[ih] birth of the Internet?
Ofer Inbar
cos at aaaaa.org
Thu Oct 28 09:44:01 PDT 2010
Miles Fidelman <mfidelman at meetinghouse.net> wrote:
> I've been part of an interesting discussion, on another list, that's led
> to the question of when the Internet was actually "born."
>
> Was it:
> - when the ARPANET moved from NCP to TCP/IP?
> - when the ARPANET was split into two, linked backbones (ARPANET/MILNET)?
> - was there an earlier point at which IP was linking LANs across the
> ARPANET?
> - some other event?
I think there are two separate kinds of ways of looking at it:
1. Pick some criteria for what makes the Internet special, and look
for the first time something was done / existed that met them?
2. Trace the direct lineage of today's Internet to its organizational
or physical predecessors and see where it started.
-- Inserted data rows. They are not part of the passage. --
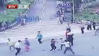 實拍男子樓頂扔磚頭砸傷多人被制服
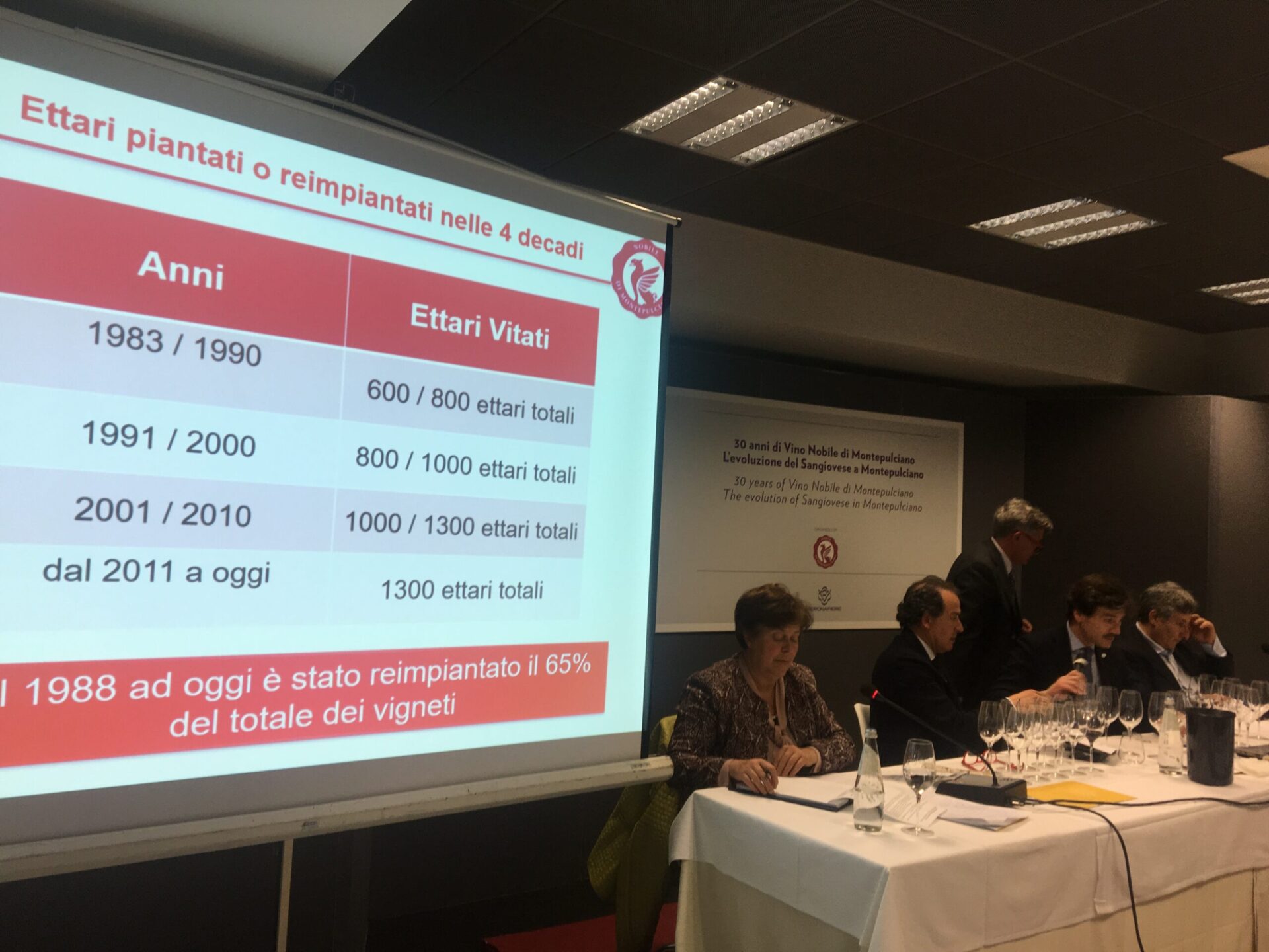 “Abbiamo voluto organizzare un percorso di trent’anni con un filo conduttore, il Sangiovese a Montepulciano – ha detto Paolo Solini, direttore del Consorzio del Vino Nobile di Montepulciano – Lo abbiamo fatto con il contributo di esperti per capire come questo vitigno così rappresentativo della Toscana reagisca nel tempo sulla base del microclima e del tipo di invecchiamento previsto per il Vino Nobile di Montepulciano. Grazie alle riflessioni fatte siamo riusciti anche a dare una idea dello stile e della riconoscibilità che rappresentano la nostra denominazione. Il successo di presenze dimostra il crescente interesse verso i vini del territorio”.
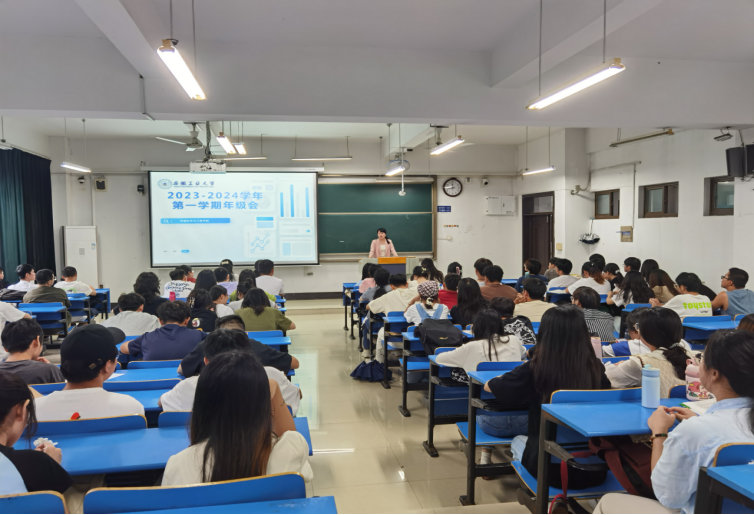 于教D207、210分专业召开2021级新学期年级会,会议由2021级辅导员万媛媛、任静主讲,全体2021级同学到场参加。
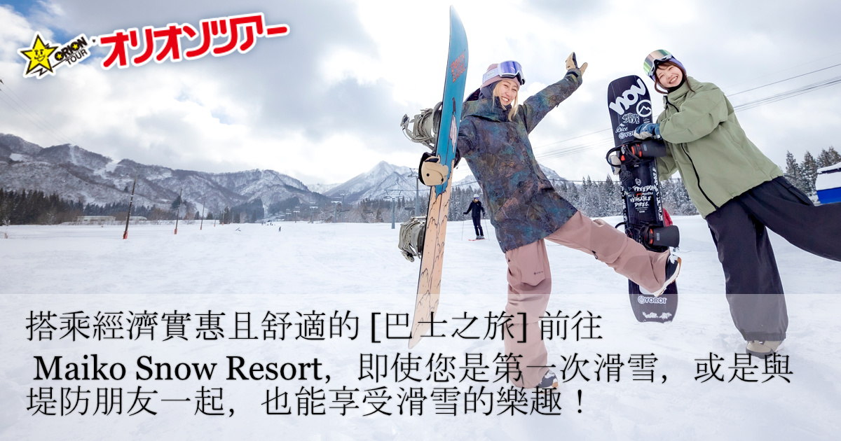 搭乘經濟實惠且舒適的 [巴士之旅] 前往 Maiko Snow Resort,即使您是第一次滑雪,或是與堤防朋友一起,也能享受滑雪的樂趣!

That it, what
was the birth of the thing that eventually turned into the Internet.
If you go with #1, you may pick something that was a one-shot, or that
developed into some separate entity that either got discontinued or
absorbed into the Internet long after the Internet had separately
evolved to meet your criteria. That is, the thing that you pick may
not be part of the Internet's primary direct lineage.
If you go with #2, you may pick something that did *not* develop its
unique Internet-qualifying aspects until after they had all been done
by someone else somewhere else.
I think #2 is a better fit for the question, but that implies that
picking some key criteria of technical achievement blindly and then
looking for the first occurrence of that in history is the wrong
approach.
That aside, though, if I have to pick what makes the Internet the
Internet, I'd go with: allowing multiple computer networks under
*separate, independent administration* to connect and support the same
set of common protocols and apps across them. Where "multiple" isn't
just two, who work out their own unique bilateral; I mean that it lets
more than two accomplish this goal in similar ways without having to
work out new technical means of doing so for each pair.